Material to process
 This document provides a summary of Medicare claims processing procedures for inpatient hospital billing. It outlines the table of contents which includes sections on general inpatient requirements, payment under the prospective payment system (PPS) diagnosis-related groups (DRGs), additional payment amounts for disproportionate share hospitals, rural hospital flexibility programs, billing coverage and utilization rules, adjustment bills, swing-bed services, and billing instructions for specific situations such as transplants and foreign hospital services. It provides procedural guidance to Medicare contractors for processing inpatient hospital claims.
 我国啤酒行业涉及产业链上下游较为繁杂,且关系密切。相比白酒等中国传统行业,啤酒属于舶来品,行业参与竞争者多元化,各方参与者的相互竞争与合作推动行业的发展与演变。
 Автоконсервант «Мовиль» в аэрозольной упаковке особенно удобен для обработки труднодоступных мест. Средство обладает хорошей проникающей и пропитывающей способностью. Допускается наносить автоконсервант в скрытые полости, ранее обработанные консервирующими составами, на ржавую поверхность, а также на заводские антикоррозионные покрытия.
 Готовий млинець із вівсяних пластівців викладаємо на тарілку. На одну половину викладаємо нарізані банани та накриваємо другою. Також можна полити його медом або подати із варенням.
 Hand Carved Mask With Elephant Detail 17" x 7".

* * *

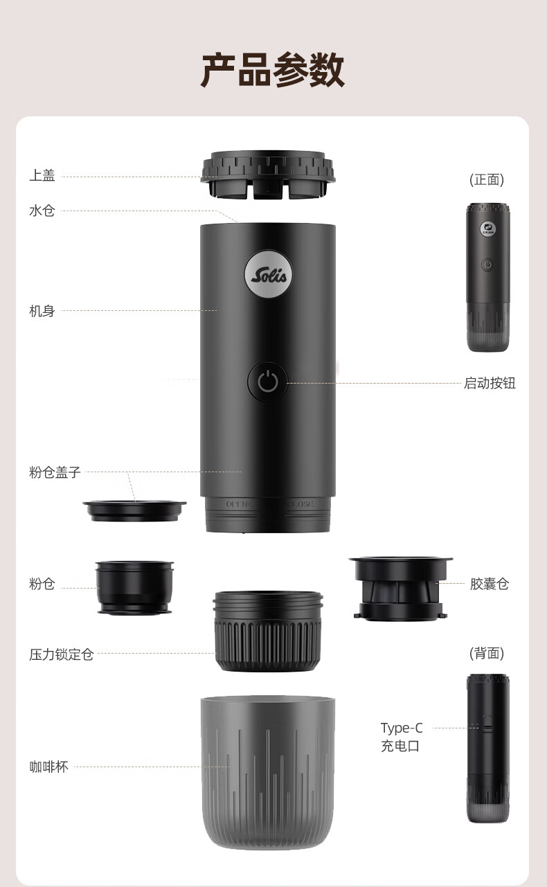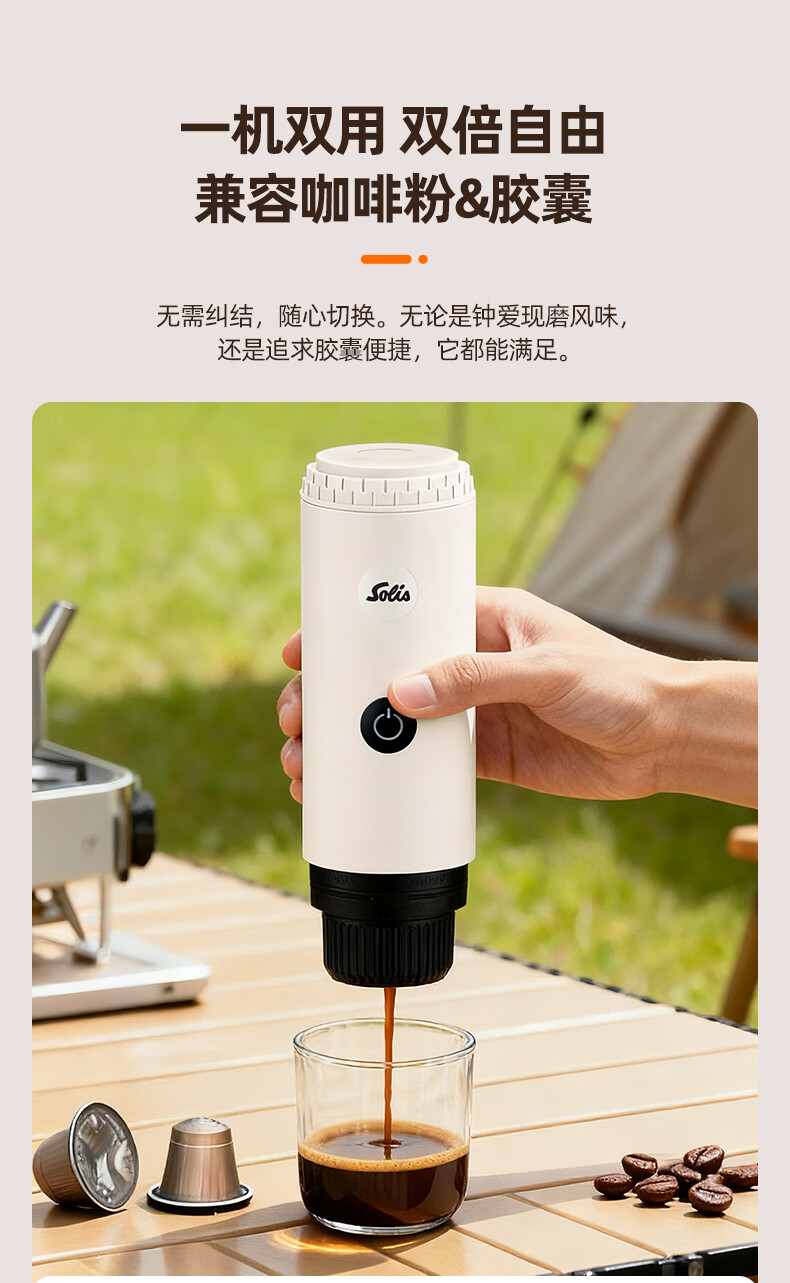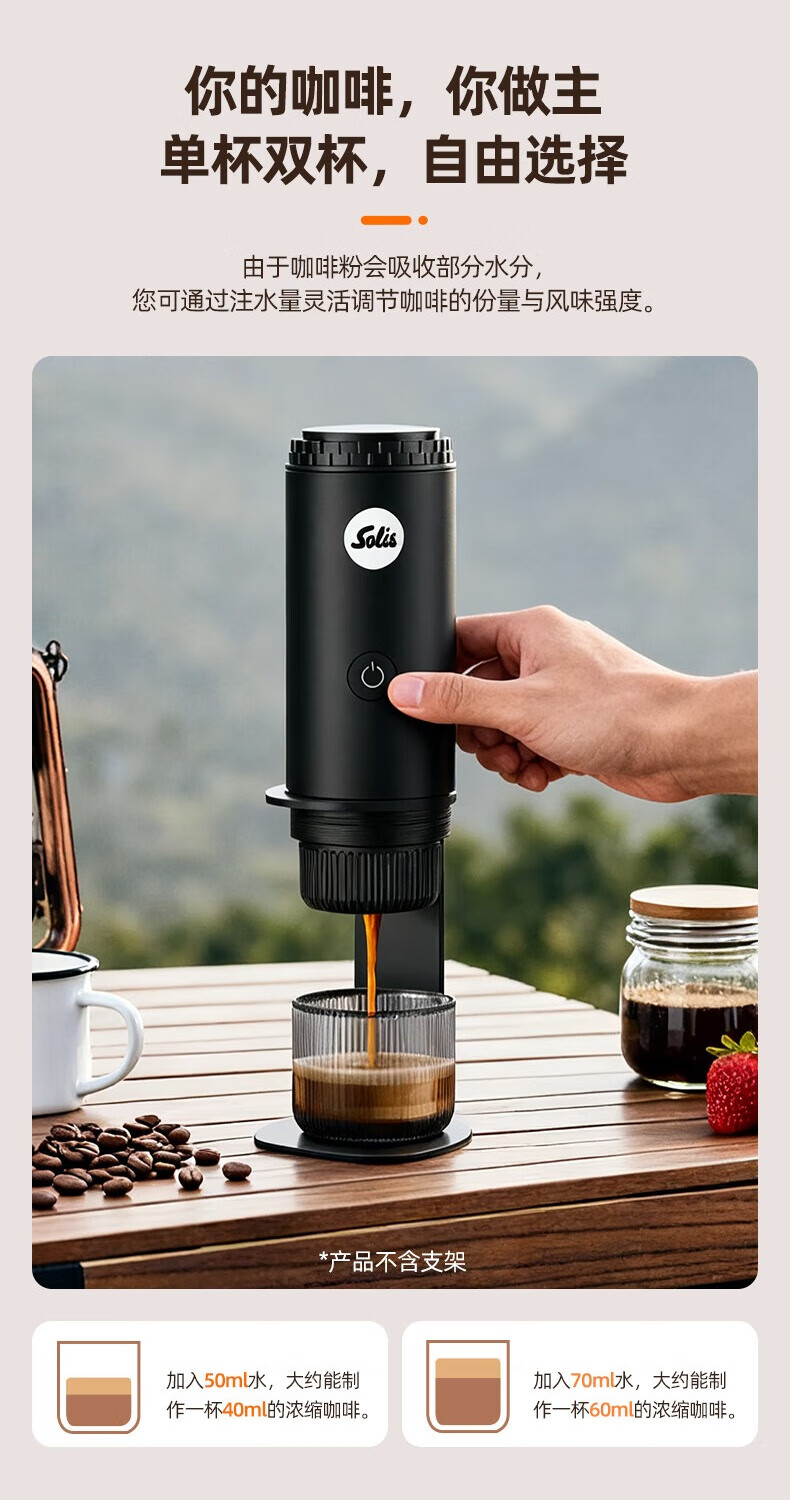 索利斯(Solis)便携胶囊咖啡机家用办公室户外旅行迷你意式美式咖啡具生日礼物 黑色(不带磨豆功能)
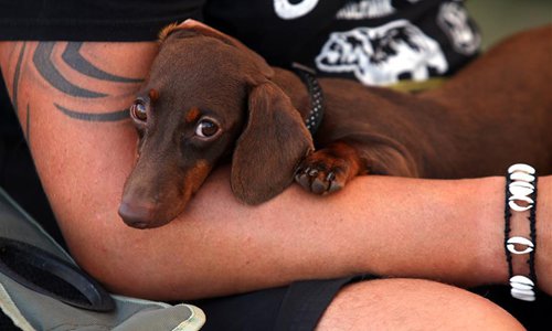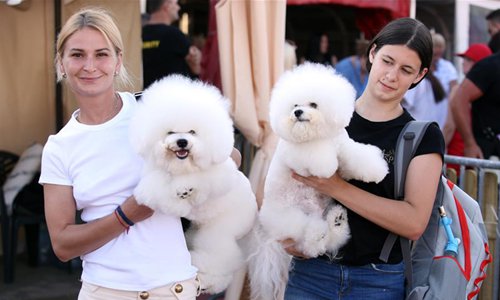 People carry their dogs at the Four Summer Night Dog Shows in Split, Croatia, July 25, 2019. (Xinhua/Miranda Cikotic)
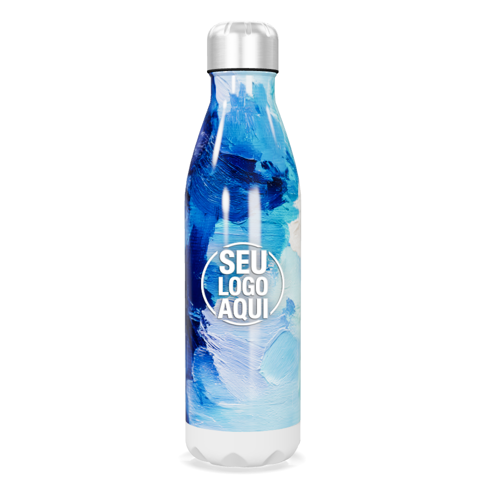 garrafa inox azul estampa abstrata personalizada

Exercise aim
Beginning at the line above with "Готовий млинець із" and finishing at the line with "Hand Carved Mask", return each line exactly and return nothing else.

Finished task
 Готовий млинець із вівсяних пластівців викладаємо на тарілку. На одну половину викладаємо нарізані банани та накриваємо другою. Також можна полити його медом або подати із варенням.
 Hand Carved Mask With Elephant Detail 17" x 7".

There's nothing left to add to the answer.